The girl grows until she’s sixteen, before her photos disappear. She’s thin, with dark hair that reaches her waist, and she’s grinning goodbye through a pair of lips coated in cherry-coloured  gloss; one of many from the collection that her mother used to gripe cluttered the bathroom counter. The boy goes on to become a teenager. He grins in his cap and gown in the next photo, but stands in front of his high school alone.      

Your mom looks back at you. Her eyes are still slivers, but they’re wounded, and her teeth are clenched as though you’ve said something unfathomable.     

  “I knew her. I don’t know you.”      

The boy from the photos, your brother, comes down the stairs to investigate.      

  “Mom? What’s—”      

  He cuts himself off. He’s frozen halfway down the stairs, unblinking. His hand is olive, just like the ones that belonged to the girl in the pictures, when it curls over his mouth.       

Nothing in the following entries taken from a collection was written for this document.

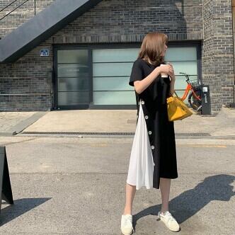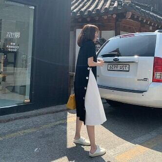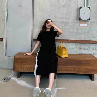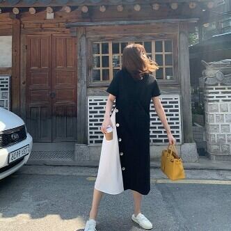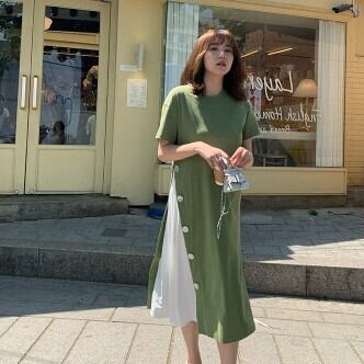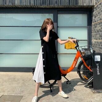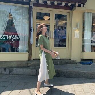 ワンピース レディース ミモレ丈 Aライン ボタン バイカラー 切り替え ワンピ おしゃれ 大人可愛い 半袖 個性的 レトロ フェミニン きれいめ ゆったり オーバーサイズ プラスサイズ 大きいサイズ XL 2XL 3XL 4XL ラウンドネック 襟なし ブラック 黒 グリーン 緑 くすみカラー 大人かわいい こなれ感 インスタ映え アイテム 韓国 ファッション 大人カジュアル 休日 公園デビュー お出かけ 主役級 10代 20代 30代 夏 トレンド 抜け感 楽ちん 女の子 プレゼント 安い お得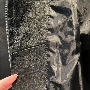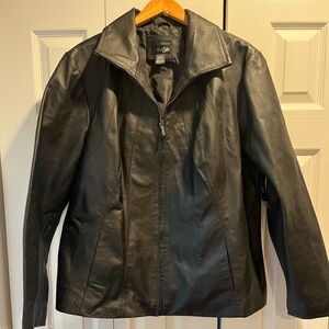 Brand new with tags. Genuine leather jacket with pockets. Plus size. Very nice quality, no problems, would just like something a little longer.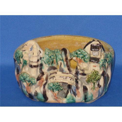 This is a very nice antique Chinese Pottery Planter designed with a Castl and Flowers on from 19th CT. There is some small damages on glaze and paint.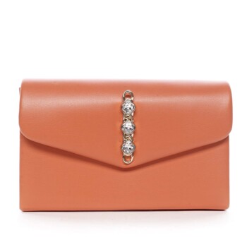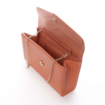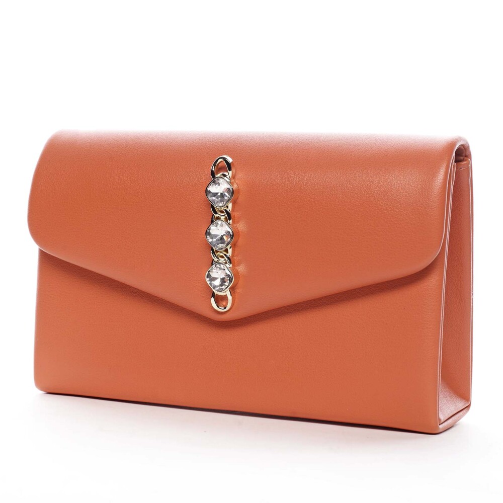 Broskvově oranžové dámské psaníčko Michelle Moon je ze syntetické kůže, hodit se Vám bude zejména do města nebo do společnosti. Je pevné, hranatější, jeho klopa je zaoblená. Nosit jej můžete v ruce nebo s popruhem přes rameno, ten je v podobě řetízku. Klopu otevřete magnetickým cvokem, zaujme Vás kovová sponka se třemi diamanty. Hladké psaníčko pojme peněženku, klíče, doklady a kosmetické potřeby. Je střední velikosti a uvnitř najdete malou volnou kapsičku na drobnosti. Objednejte ještě dnes a vyzkoušejte, vrátit je můžete až za 30 dnů!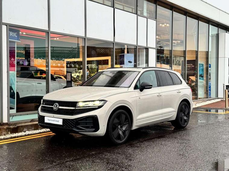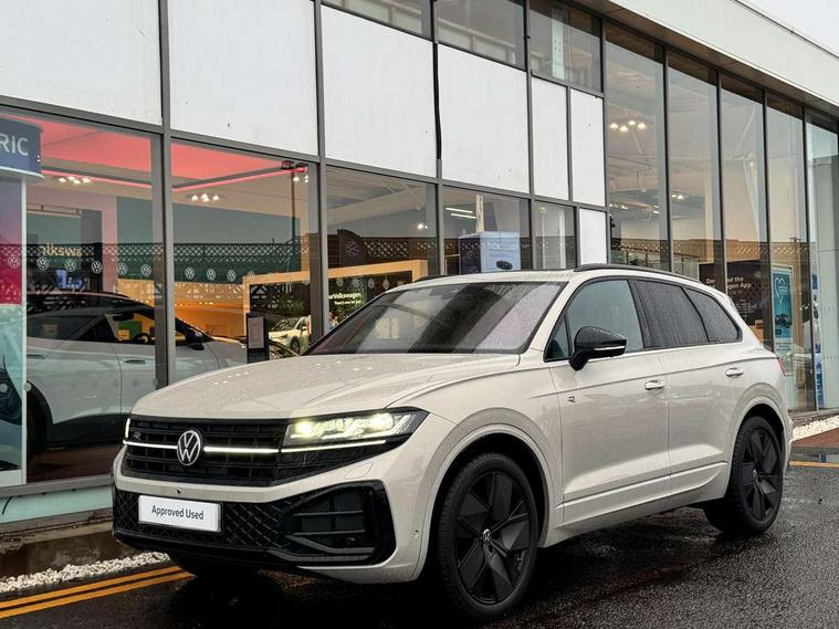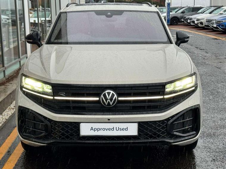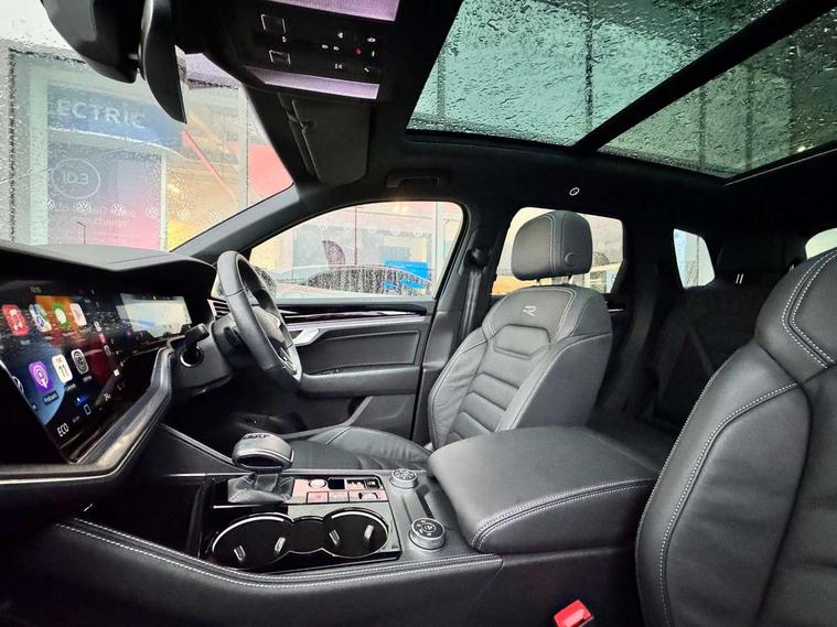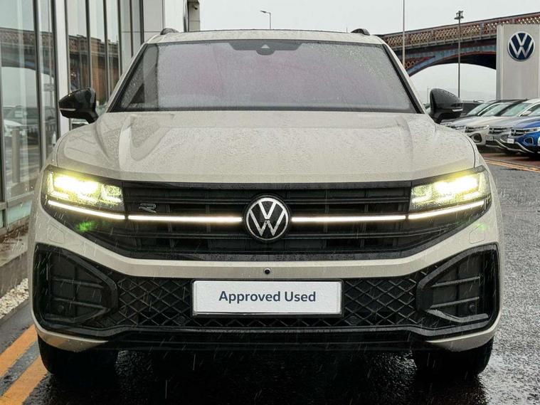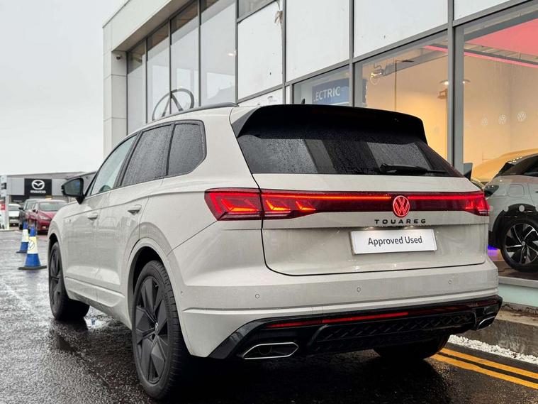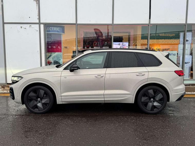 15" Screen Top infotainment system Premium (MIB3), Adaptive cruise control, Advanced driver attention and drowsiness monitor, Driver profile selection, Dynamic road sign display, E-Sim card for online connectivity, eCall emergency system, Innovision cockpit, Intelligent park assist, Mobile phone interface with inductive charging, Multi-colour Active Info display, Park Assist - Sensor controlled steering aid to assist parallel or bay parking, PAS, Warning signal and warning light for front and rear seatbelts not fastened, Wireless app connect, Adaptive chassis control, DAB Digital radio, Diversity antenna for AM/ FM reception, We Connect and We Connect Plus functionality, Automatic coming/leaving home lighting function, Automatic headlights, Black door mirrors, Black style comfort bumpers, Dynamic headlight range control with dynamic cornering light, Electric front tilt/slide panoramic sunroof and fixed rear sunroof, Electrically power adjustable, heated, folding, auto dimming, front passenger exterior door mirror lowering function, External USB type C socket and charging sockets, Gloss black roof rails, HD LED Matrix beam plus digital headlight projection with variable light distribution, Headlight washers, Highway light, LED 3rd brake light, LED daytime running lights, LED rear combination lamp with variable lighting functions and special styling, Poor weather light, Rain sensor, Rear exhaust tailpipe, Rear fog light with back up light on both sides, Rear light bar and illuminated logo, Rear side wing doors, Rear wiper, Stainless steel door sill protection, 12V socket in centre console, 3 rear headrests, 3 seat bench in 2nd row, 4 zone climate control, Airbag label on sun visor and B-pillar, Brushed stainless steel pedals, Double sun visors with illuminated vanity mirrors, Front + rear carpet mats, Front centre armrest, Leather wrapped multifunction sports steering wheel, heated, with touch control and shift paddles, Mechanical rear seat release, Power adjustable lumbar support in front, Power seats in front, right side with memory features and seat cushion depth adjustment, Rear seat backrest and split folding with center armrest, Single front passenger seat, Memory pack plus - Touareg, 3 point seatbelts, outer rear with ECE lable, ABS, Child locks on rear doors, Curtain airbags, Driver and front passenger safety-optimised head restraints, Driver/Front Passenger airbags, Extended pedestrian protection measures, Front assist, Front seat side impact airbags, Generative braking with start and stop system, Height adjustable 3 point front seatbelts with pre tensioners, Passenger airbag deactivate switch, Three 3 point rear seatbelts, Two tone horn, Tyre pressure loss indicator, Warning triangle and first aid kit, Alarm system with interior protection, Easy open and close sensor controlled luggage compartment opening and closing with remote unlocking, Keyless Access Keyless locking and starting system with SAFELOCK, Aluminium decorative inserts, Black decorative trims, Gloss black decorative inserts in centre console, Tool kit,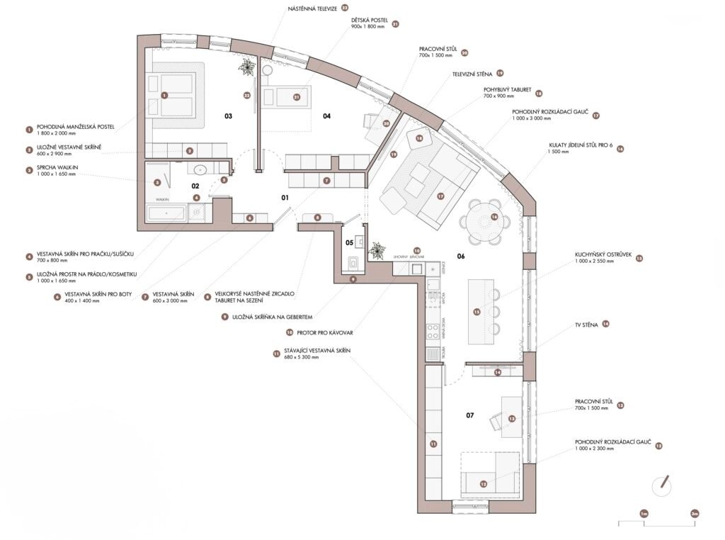 Celý návrh interiéru vychází z jednoduché, ale silné myšlenky. Propojit byt tak, aby každý jeho kout přirozeně navazoval na další. Aby všechno ladilo nejen na pohled, ale i pocitově. Chtěli jsme vytvořit místo, kde se dobře žije. Místo, které vás obejme hned, jak do něj vstoupíte.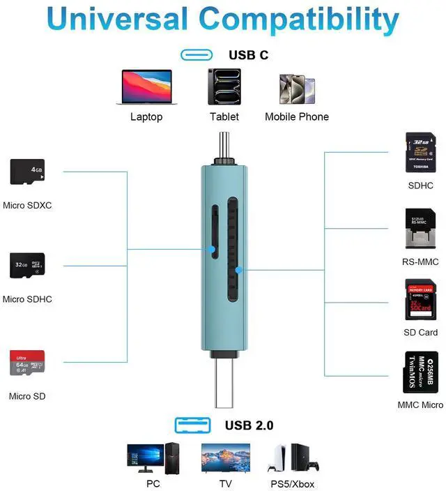 --For Windows 11/10/8.1/8/7/XP/Vista,macOS,Linux,Chrome OS,Android,etc Supported Memory Cards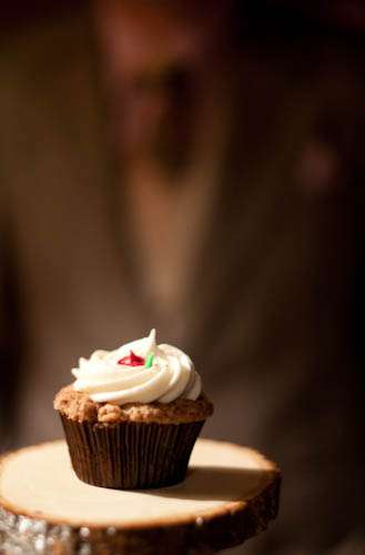 “I asked every guest to bring a cupcake as homage to the tradition of wedding cakes, a story I have loved since first hearing it years ago. The evolution of wedding cakes can be traced back to a time when all guests would bring a small cake or biscuit to a wedding as an offering. The couple would pile the cakes on top of each other and if they could kiss over the cakes it was considered good luck. Couples started using icing to glue the cakes together in an effort to keep them from toppling over and the wedding cake was born!”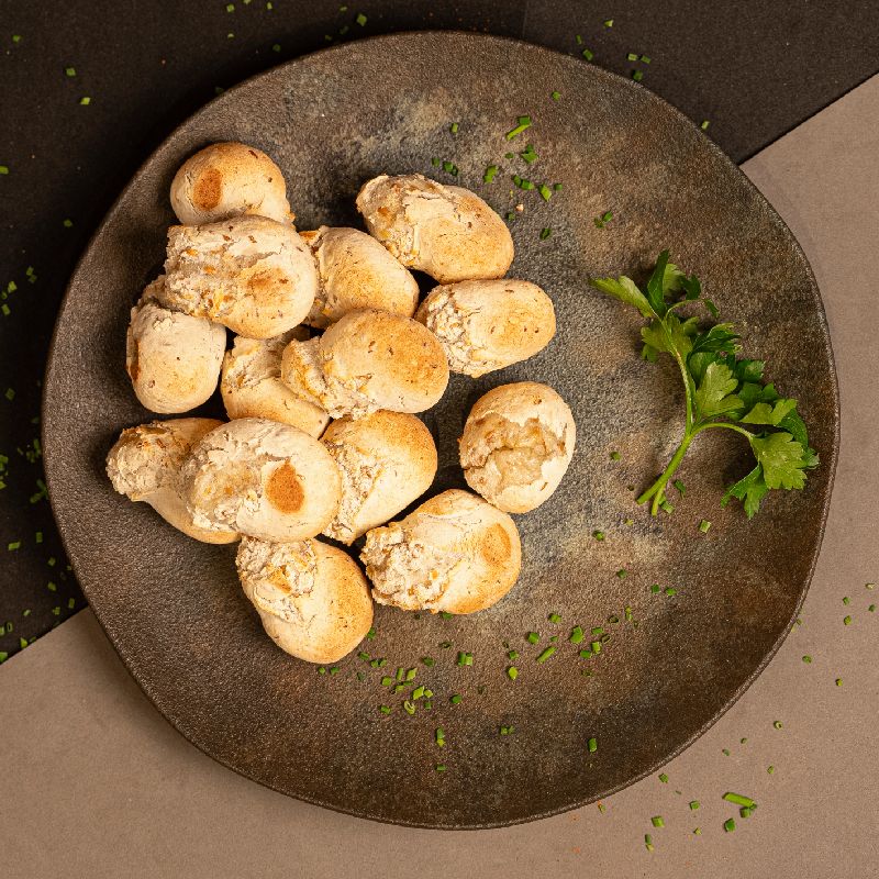 Queijo muçarela de búfala, polvilho azedo, ovo, queijo grana padano, leite de castanha de caju (água, castanha de caju, alga lithothamnium calcareum e

  “Spencer, go back upstairs.”       

“But, Mom—”       

“I SAID NOW!” 

       Your dad’s eyes glisten at you before they’re blocked by the slamming of the mahogany wood. 

       As you wander off of the porch and onto the street, you catch a reflection in the greenish glass of a bus shelter. It’s not you. The eyes that stare back at you aren’t yours, because these ones are red-rimmed and hollowed in by purple circles, but yours are sparkly blue, framed by dark lashes. That mouth in the glass isn’t yours, because yours is soft and shiny with red gloss, but this one is pale, made rough by cracked and dead skin. It’s not your skin that covers your face either, because yours is your brother’s and your mom’s healthy olive, but now it’s a washed-out yellow parody, and your mom and your brother don’t know you anymore.  

      They weren’t your feet when they took you into that office building, or when they brought you here. The girl in the glass isn’t you, because her hands are not yours. They were never yours; not when they spread that cherry gloss on your lips all those years ago, and not when you watched them pull your first joint to your lips in an alley that summer. Not when they started hiding packets of white powder in your pockets, or started shoving needles into your veins, in the formation of train tracks that lined your arms. They were never yours, because your hands would never do such a thing.